Inside Scoop on Obamacare Exchanges

By Twila Brase, R.N., PHN President and Co-founder of CCHF Health Freedom eNews

Healthcare law could raise premiums 30% for some CaliforniansWill Obamacare Exchanges be ready?

We hope not. The headline from an Exchange industry news article says, “Will HHS Stall Start of Federal Exchanges?

Observers Say ‘Yes,’ ‘No,’ ‘Wait Till Oct. 1”.

There are 33 states that have refused to build (fund) a “state exchange,” forcing the feds to build a “federal exchange” for them. That said, every state exchange is a federal exchange under federal control.

Thanks to the financial support of our donors, I was able to attend the First National Health Insurance Exchange Summit via special Internet access, which took place last week in Washington, D.C. The presenters were health plan executives, single-payer advocates, businessmen and women, government officials and policy wonks.

I’m going to give you the inside scoop from the conference (Vol. 1).

The speakers’ concerns show why CCHF is focused on the necessary work of “putting a stick in the spokes” of any and all Exchanges — especially in Minnesota. We’ve been watching these state government bureaucrats work harder than most other states to make a functioning Minnesota Exchange. They may intend to become a model for the rest of the nation — a model that could become a NATIONAL Exchange if and when other state exchanges fail.

So, let’s start with some amusing comments from the conference.

Several speakers clearly had difficulty transitioning to the government’s new lingo meant to mislead the public about the government exchanges. The speakers often said “exchange” instead of “marketplace.” Here are a few of their comments:

“When I say Exchanges, I mean Marketplaces.” — Penny Thompson, Center for Medicaid and CHIP Services. (audience laughs)

“I have not even tried to make the switch to ‘marketplace.'” — Alan Weil, keynote speaker.

“For those of you who didn’t get the memo, it’s now called the Marketplace.” — Krista Dobrac, National Governors Association.

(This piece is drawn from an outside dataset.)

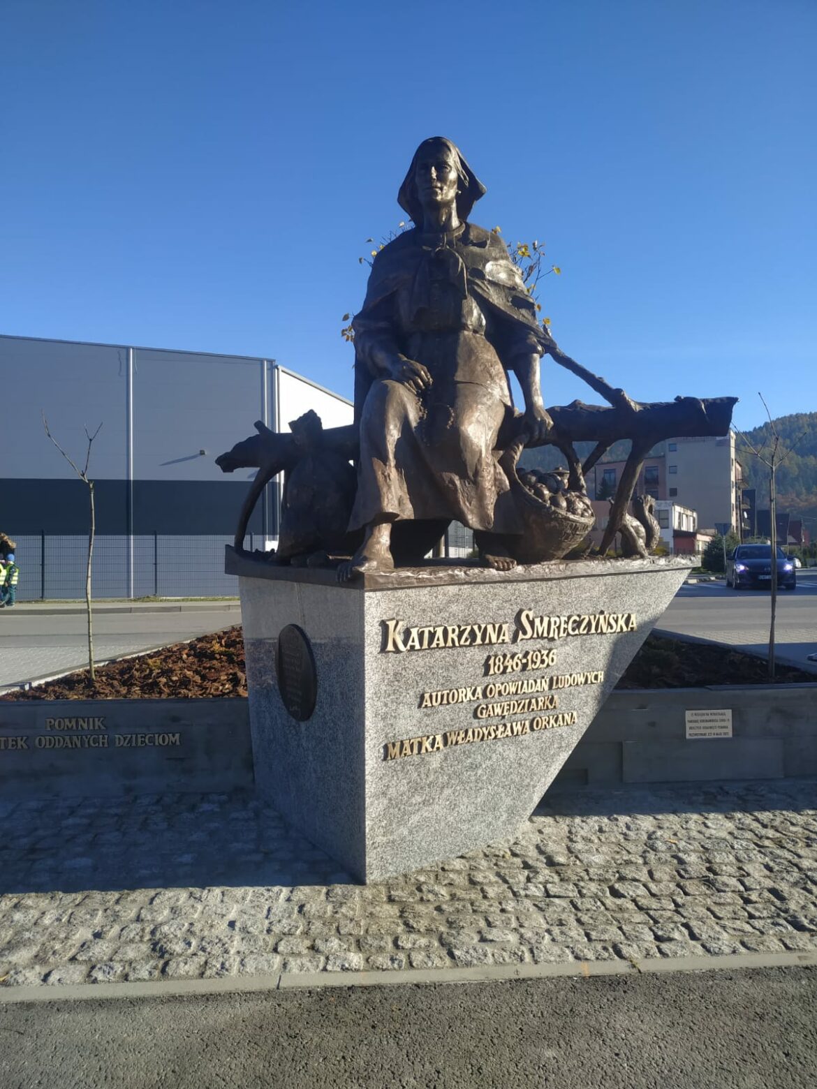 W tym przypadku jest to Katarzyna Smreczyńska – matka sławnego pisarza Młodej Polski, Władysława Orkana. Swoją postawą dała piękne świadectwo oddania macierzyńskiego. Jej działania to m.in. piesze wyprawy z Poręby Wielkiej aż do Krakowa (70 km!) aby dostarczyć jedzenia synom, tylko po to, by mogli spokojnie się uczyć. Pomimo tego, że była kobietą nie wykształconą to była osobą niezwykle światłą dlatego poświęciła się by jej synowie mogli zdobywać wykształcenie. Gmina Pcim leży na trasie jej pieszych wędrówek a miejsce, w którym pomnik został usytuowany jest symbolicznym punktem spotkań matki z synami, których niecierpliwie oczekiwała z początkiem wakacji.
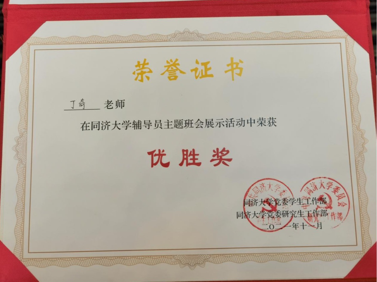 丁奇老师参加best365中国官方网站第一届辅导员队伍建设月主题班会展示活动,获得优胜奖。

Now listen to their concerns about implementation.

The federal law requires Exchanges to be open for business on October 1, 2013. The operation of the Exchange is based on a functioning national IT superstructure that includes a “federal data services hub” (HUB), which connects to federal agencies and state agencies for the purpose of exchanging data and dollars nationwide. Eligibility for Exchange coverage and federal subsidies will be determined by a boatload of personal data. The feds say the HUB is almost done. Yet speakers have great concerns about Exchange readiness:

“States haven’t made a lot of progress yet in connecting to the data hub; systems don’t ‘talk’ to each other. Hope that systems will be in place perhaps by 2015.” — Susan Dentzer, RWJF

“Will they be ready? No one knows the answer to that. There’s a political and a technical consideration…If a state chooses not to cooperate, then it’s very difficult for the feds to put up a very successful, exchange in a state.” — Brett Graham, Leavitt Partners.

“It’s a three year implementation being done in 10 months. By its nature, it’s unrealistic.” — Keven Counihan, Access Health CT

“The truth is, it’s not going to be fully functioning on 10-1” — Christine Ferguson, RI (Exchange)

“And October 1 is very very soon.” — Cynthia Crose, Arkansas Insurance Dept.

“I don’t know what happens this fall if it’s not ready. — Sandy Praeger, NAIC

An illusion was also in play.

For example, Susan Dentzer, an executive from the Robert Wood Johnson Foundation (RWJF) said that only 9% of the American population is expected to enroll in Exchange coverage. She called it a “small part of the landscape.” However, the length of the conference — two and one-half days starting at 7:00 a.m. each morning with as many as five or six concurrant sessions taking place — says otherwise.

To underscore CCHF’s concern, one government officials said the objective is “the same streamlined process for every American no matter their income.” Every American.

The Exchanges are the centerpiece of Obama’s reform law.

U.S. Senator Max Baucus said they are the “most important” part of the ACA. The administration wants — and needs — many workers and young healthy Americans to enroll in Exchange coverage or the cost of covering people with pre-existing conditions will make Exchanges unsustainable. The Exchange is a national wealth redistribution system, shifting the costs from the unhealthy to the healthy. Vermont and Washington, D.C. are already planning to force everyone within their borders to buy federal Exchange coverage.

Bureaucrats are worried about October 1 – and the political consequences of failure — but they have fought for national health care for years.

They will not stop unless they are stopped.